В доме хозяйничал бравый черноусый капитан в форме и фуражке, сдвинутой на затылок. Заглянув в удостоверение Девяткина, он предъявил свои документы и отдал короткий рапорт. В четыре утра строение окружили, милиционеры ворвались внутрь, но предполагаемого преступника – капитан Власов показал фотографию Перцева – на месте не оказалось. При обыске в комнате постояльца нашли чемодан с носильными вещами. В том же чемодане за подкладкой лежали завернутый в газету пистолет иностранного производства, глушитель к нему и снаряженная обойма.
Здесь проживают Никифорова Софья Васильевна и ее двадцатисемилетний сын. Одну из комнат хозяйка сдала внаем командированному мужчине, по описанию схожему с подозреваемым. По фотке она опознала гражданина Перцева, объявленного во всероссийский розыск.
Ночью Илья, сын хозяйки, страдающий алкоголизмом, проник в комнату постояльца, чтобы покопаться в его вещах. Накануне парень сделал дубликат ключа от комнаты. Парень нашел мобильный телефон. Проверил, работает ли аппарат, набрав телефон справочной Казанского вокзала. Затем стал шарить в поисках других ценных вещей. Нашел пистолет с глушителем. Он не на шутку испугался и решил, что может влипнуть в неприятную историю. Чего доброго, сам пулю схлопочет. Илья положил мобильник и пистолет на место, вышел из комнаты и запер дверь. Нашел в сумке матери мелкие деньги и ушел за пивом. Когда вернулся, в доме находилась милиция.
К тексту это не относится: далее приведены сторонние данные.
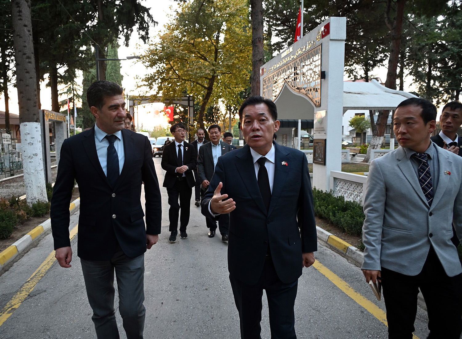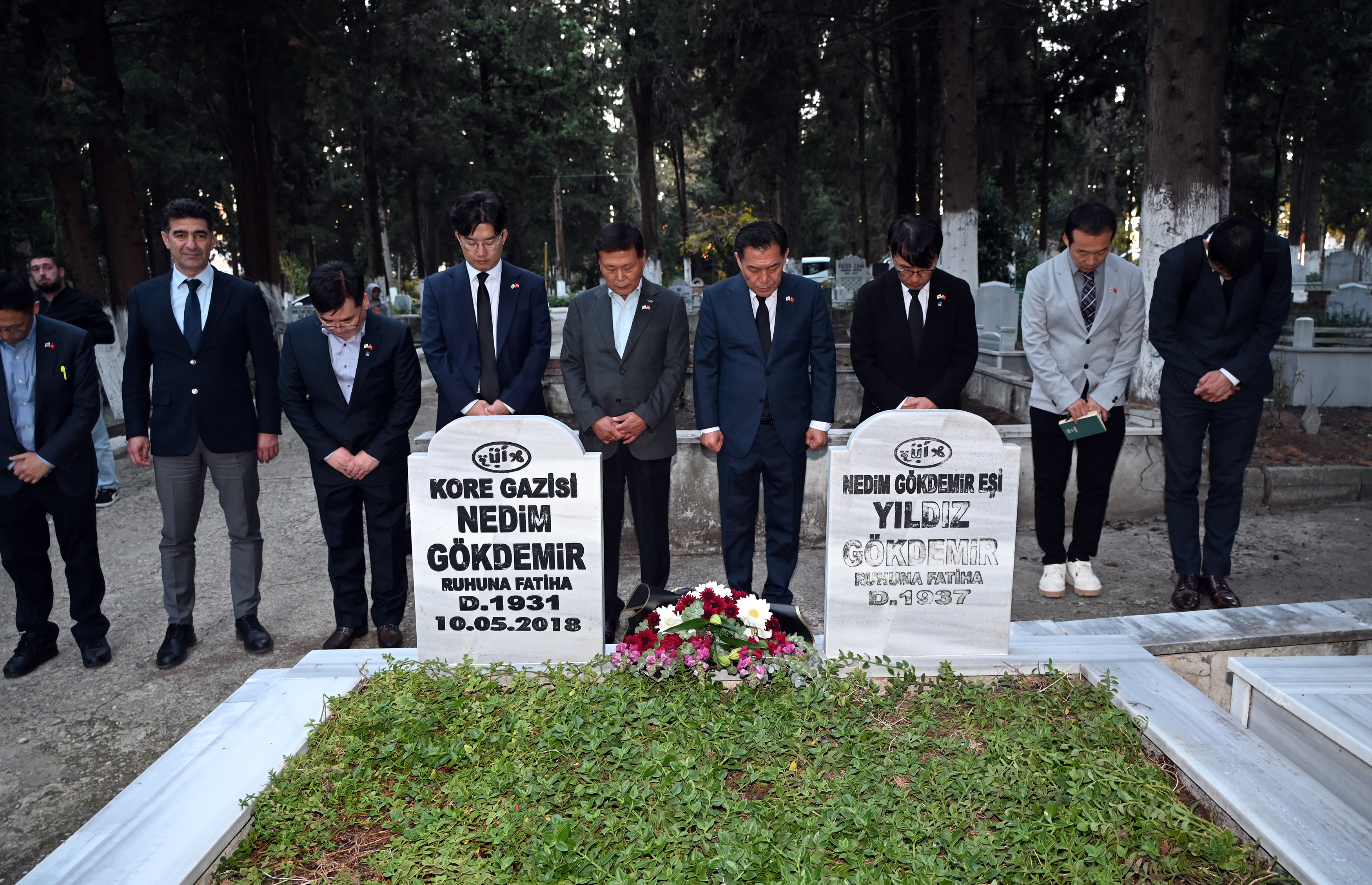 Suwon Belediye Başkanı Lee Jae Joon ve heyeti, ayağının tozuyla geldikleri Yalova’da ilk ziyaretlerini merhum Kore Gazilerinin kabirlerine yaptı. Koreli heyet, Başkan Yardımcısı Mesut Tutuğ ile birlikte Yalova Şehir Mezarlığı’nda merhum Kore Gazilerinin kabirlerini ziyaret ederek çiçek bıraktı. İki ülke ve iki şehir arasındaki tarihi bağların ve karşılıklı saygının daha da güçlenmesini simgeleyen bu ziyaret, takdirle karşılandı.
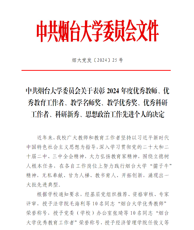 陈传军获“山东省教学名师”,郝雪梅获“香蕉视频
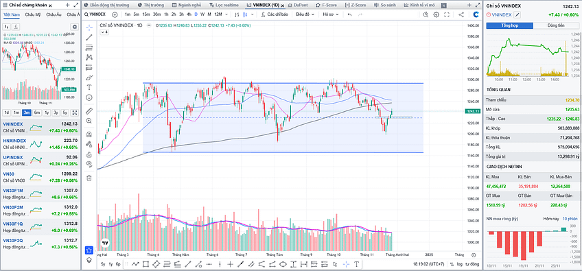 Ngày 26/11/2024, thị trường chứng khoán Việt Nam tiếp tục khởi sắc khi VN-Index tăng thêm 7.43 điểm, chốt phiên ở 1,242.13 điểm. Chỉ số HNX-Index cũng tăng 1.45 điểm, đạt mức 223.7 điểm. Tâm lý nhà đầu tư lạc quan giúp độ rộng thị trường nghiêng về phía tích cực với 290 mã tăng, áp đảo 101 mã giảm.
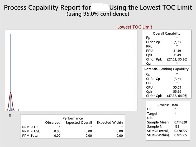 Figure 6: Process Capability Report on the Aggregated TOC Data for the Topical Pharmaceutical Facility
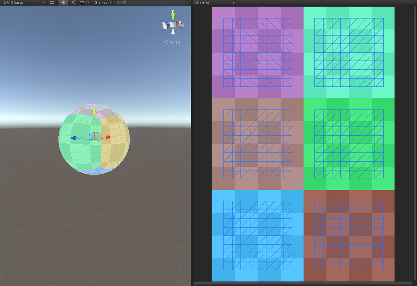 See in Glossary, it is very important to understand how UV charts are detected. By default, a chart is defined by a set of connected vertices. However, the DCC or Unity MeshThe main graphics primitive of Unity. Meshes make up a large part of your 3D worlds. Unity supports triangulated or Quadrangulated polygon meshes. Nurbs, Nurms, Subdiv surfaces must be converted to polygons. More info
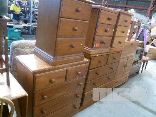 PINE BEDROOM FURNITURE INC 3 x BEDSIDE CABINETS & 2 x TALL BOYS
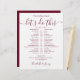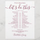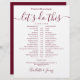 This stylish burgundy and white wedding schedule timeline can be personalised with your wedding details in chic burgundy lettering. Designed by Thisisnotme©
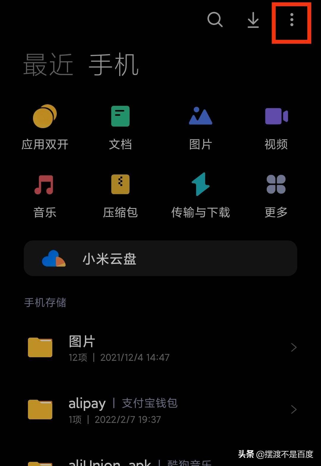 只有从文件管理里面去删除手机产生的缓存垃圾才能彻底清理干净;然后找到右上角的三个点;
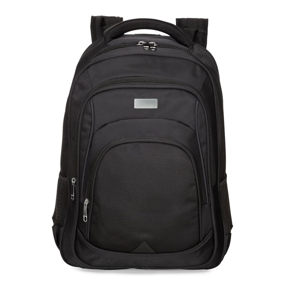 Mochila de poliéster 42 litros com três compartimentos, sendo o principal com bolso para notebook 156. Com divisórias internas para acessórios, a mochila possui bolsos laterais em malha, alça para encaixe em malas de viagem, alças de compensação, duas alças de mãos e área costada com revestimento espumado. Acompanha plaquinha metálica.
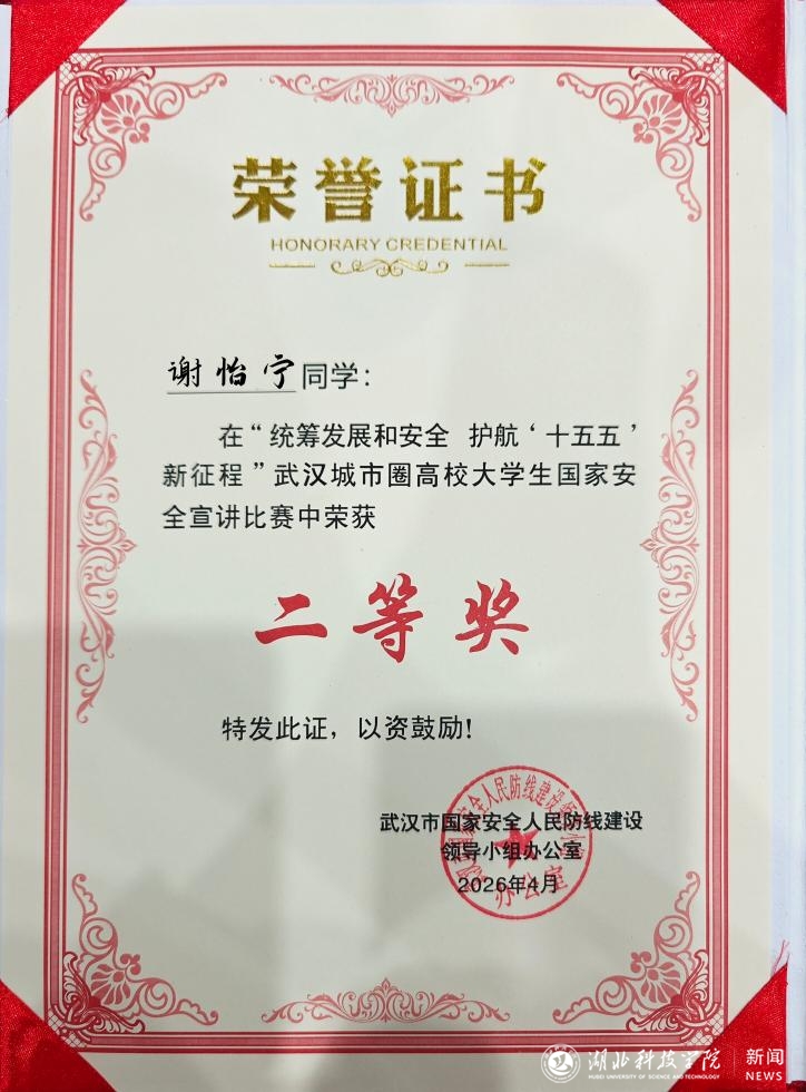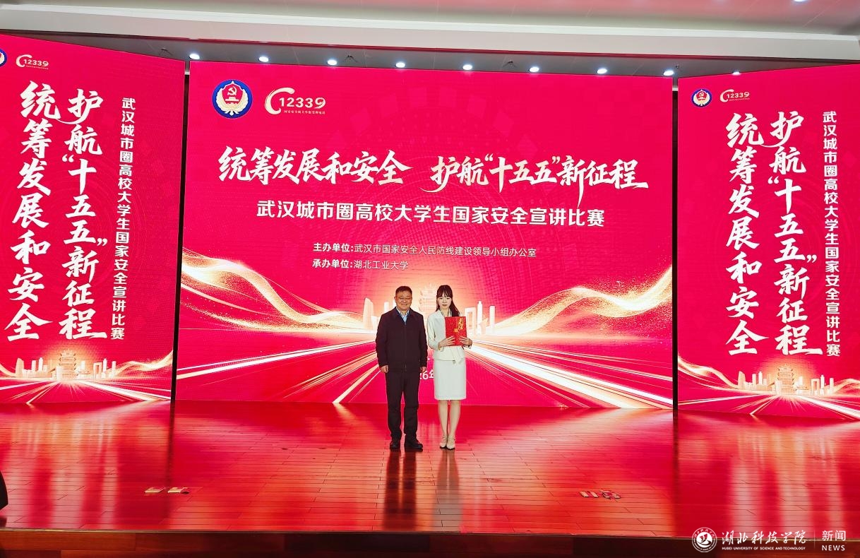 4月10日,由武汉市国家安全人民防线建设领导小组办公室主办的“统筹发展和安全,护航‘十五五’新征程”武汉城市圈高校大学生国家安全宣讲比赛在湖北工业大学落下帷幕。我校核技术与化学生物学院学生谢怡宁经咸宁市国家安全局推荐、学工部(处)全程指导参赛,凭借原创主题宣讲斩获二等奖,并成功入选武汉城市圈高校大学生国家安全宣讲团队,充分展现湖科学子维护国家安全的青春担当与良好风貌。校党委副校长李志雄、咸宁市国家安全局主要领导、学工部(处)副部长杨孝及指导老师现场观赛并为学生鼓劲。
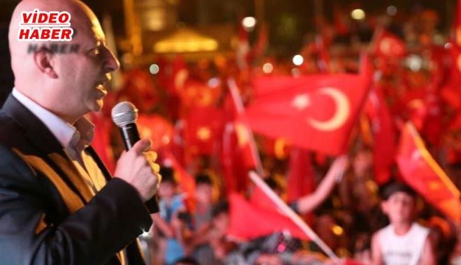 Darbe girişiminin ilk dakikalarından itibaren demokrasiye ve milli iradeye sahip çıkarak destan yazan aziz hemşehrilerim? O gece; dosta güven veren, düşmana korku salan duruşumuz ile düşmanlara, hainlere, teröristlere bu topraklar bin yıldır bu aziz millete vatan olmuştur ve inşallah kıyamete kadar vatan kalacaktır dedik.

– Кто отдал приказ вламываться сюда? – строго спросил Девяткин.
– Из Москвы приказали действовать по обстановке, – отрапортовал милиционер. – Я решил, что время не ждет.
– Твое счастье, капитан, что этого постояльца на месте не оказалось, – ответил Девяткин. – Иначе бы ты половины бойцов не досчитался.
– С чего это так?
– Стреляет он без промаха, – ответил Девяткин. – А теперь слушай мою команду. Отправляй весь личный состав с глаз долой. Пока люди в соседних домах не проснулись. Сейчас приедут опера из Москвы. Будем решать, что и как.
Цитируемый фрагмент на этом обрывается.